2026 affordability percentage for employer health coverage increases 

African American nurse helping patient with physical therapy   
July 22, 2025
The Affordable Care Act (ACA) benchmark for determining the affordability of employer-sponsored health coverage will increase significantly for the 2026 plan year according to IRS Rev. Proc. 2025-25 — to 9.96% of an employee's household income up from the 2025 plan-year level of 9.02%. This affordability percentage can affect individuals’ eligibility for federally subsidized coverage from a public exchange, as well as employers’ potential liability for shared-responsibility (or “play or pay”) assessments.

Affordability standards

Under the ACA, employer-sponsored minimum essential coverage (MEC) is affordable if an employee’s required contribution for the lowest-cost, self-only option with minimum value does not exceed an annually indexed percentage of the employee’s household income. Employees and their family members who are eligible for minimum-value employer-sponsored MEC that meets the affordability standard cannot receive premium tax credits or cost-sharing reductions for public exchange coverage.

To determine liability for play-or-pay assessments, three employer safe harbors allow replacing household income in the affordability calculation with one of these figures:

  • Form W-2 wages
  • Rate of pay
  • Federal poverty line (FPL)

The affordability percentage used in the employer safe harbors is indexed in the same manner as the household income percentage, according to 2015 IRS guidance (Notice 2015-87, Q&A-12).

Indexing formula

As explained in Rev. Proc. 2014-37, the original 9.5% affordability percentage is annually adjusted after 2014. For calendar years 2026 and beyond, the final Department of Health and Human Services (HHS) Patient Protection and Affordable Care Act; Marketplace Integrity and Affordability rule modifies the methodology for calculating the “premium adjustment percentage,” creating a premium growth measure that reflects changes in both individual-market policies and employer-sponsored health coverage. HHS used this methodology temporarily in 2020 and 2021. From 2015 through to 2019, as well as 2022 through 2025, the adjustment captured the rate of premium growth for only employer-sponsored health coverage.
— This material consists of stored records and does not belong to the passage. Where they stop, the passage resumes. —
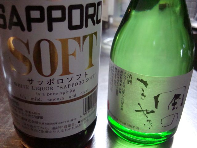 ↑酒。行ったときは定番のサッポロソフト(焼酎)。居酒屋で呑んではまった日本酒『風のささやき』。
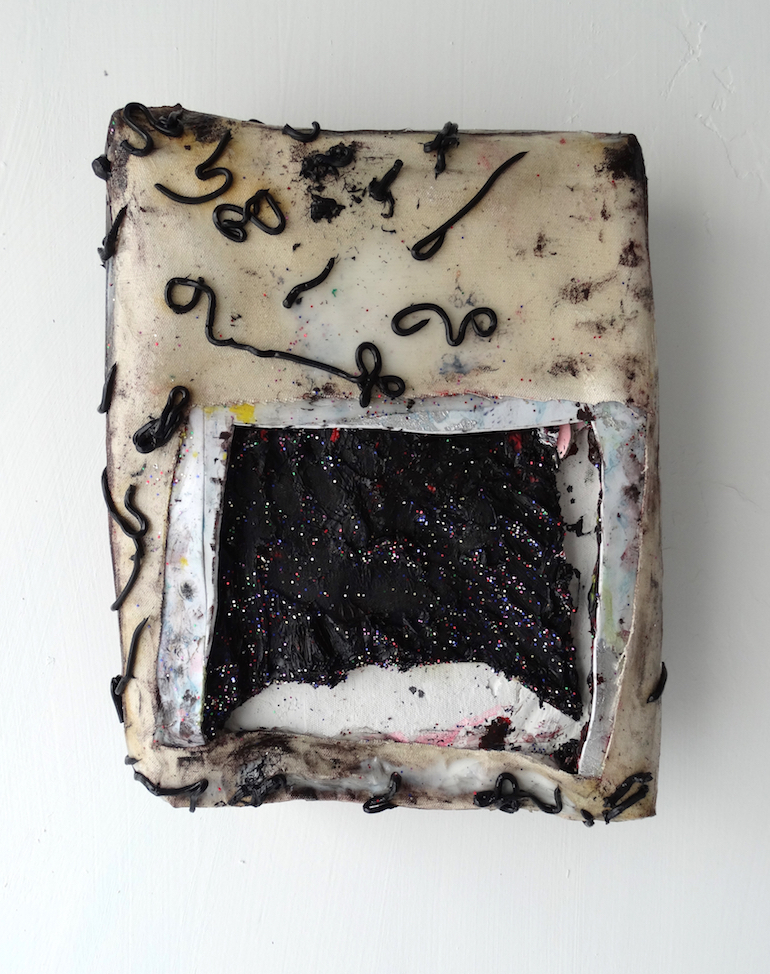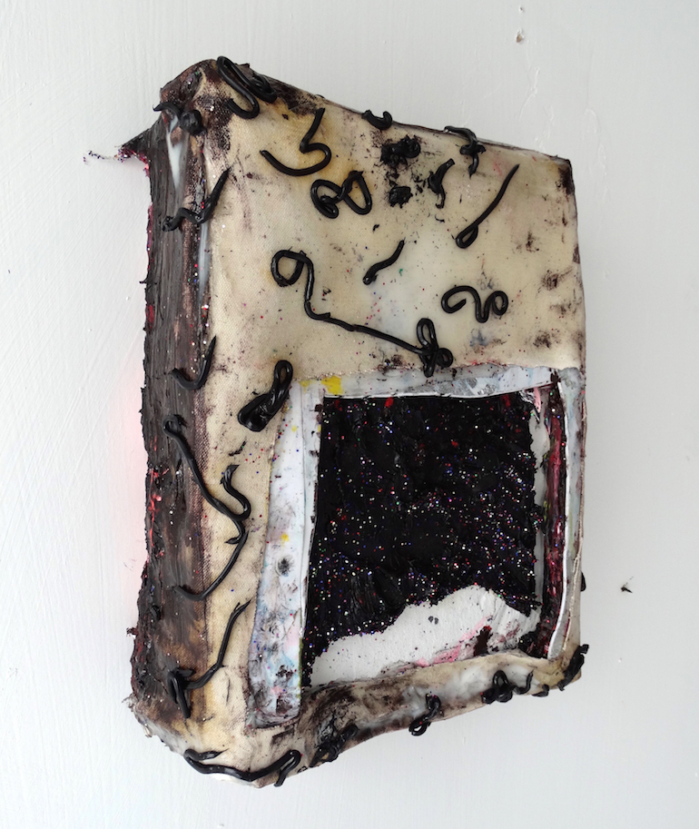 666 2016. oil paint, gesso, acrylic,silver leaf, foam paper, on canvas adhered to wood panel. 14in x 11.5in x 3in
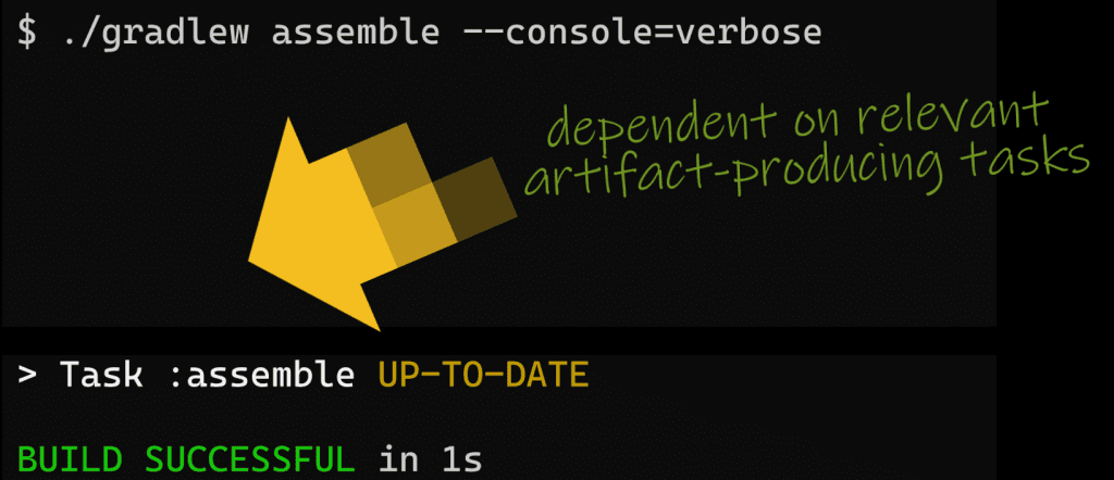 When you run assemble when nothing's changed in your project, it's marked as UP-TO-DATE and no work should be done, saving you time.

Indexing of the 2026 affordability percentage is based on premium growth rates relative to income growth rates from 2013 to 2025, using the most recent National Health Expenditure Accounts (NHEA) income and premium data projections. Consistent with those projections, the 2026 affordability percentage is significantly greater than the 2025 level.

Employer considerations

Employers should review the required employee contribution for 2026 coverage if they plan to meet the ACA’s affordability limit under the applicable safe harbor. For the many plans using the FPL affordability safe harbor, the considerations differ for calendar- and non-calendar-year plans.

FPL safe harbor for calendar-year plans

For 2026 calendar-year plans using the FPL affordability safe harbor, the required employee contribution cannot exceed 9.96% of the FPL for a particular area — $15,650 for mainland US — or $129.90 per month (up from $113.20 in 2025), calculated as (9.96% x $15,650 FPL for 2025) ÷ 12, rounded to the nearest penny. Note that the FPL affordability safe harbor contribution limits are greater for employees who work in Alaska ($162.27, calculated as (9.96% x $19,550 FPL for 2025) ÷ 12), and Hawaii ($149.32, calculated as (9.96% x $17,990 FPL for 2025) ÷ 12).

FPL safe harbor for non-calendar-year plans

Non-calendar-year plans may use the FPL in effect within six months before the first day of the plan year. That means non-calendar-year plans starting in February through July 2026 (if the 2026 FPL is issued in January) or non-calendar-year plans starting in March through August 2026 (if the 2026 FPL is issued in February) may use either the 2025 FPL of $15,650 — resulting in an FPL affordability safe harbor of $129.90 per month — or the 2026 FPL. These non-calendar-year plans would likely benefit from waiting to use the 2026 FPL since it will almost certainly exceed the 2025 FPL and yield a higher FPL safe harbor contribution limit [(9.96% x 2026 FPL) ÷ 12]. On the other hand, depending on when the 2026 plan year starts and the 2026 FPL is issued, waiting for the 2026 FPL may not be possible.

The adjusted percentage applies on a plan-year — not calendar-year — basis. This means non-calendar-year plans starting in 2025 will continue to use 9.02% to determine affordability in 2026 until their new plan year starts. As described above, non-calendar-year plans won't be able to calculate the likely higher FPL safe harbor contribution limit for plan years beginning after Jan. 1, 2026, HHS issues the 2026 FPL guidelines. As a reminder, for 2025 non-calendar-year plans using the mainland US FPL affordability safe harbor, the required employee contribution cannot exceed $117.64 per month, calculated as (9.02% for 2025 x $15,650 FPL for 2025) ÷ 12, rounded to the nearest penny.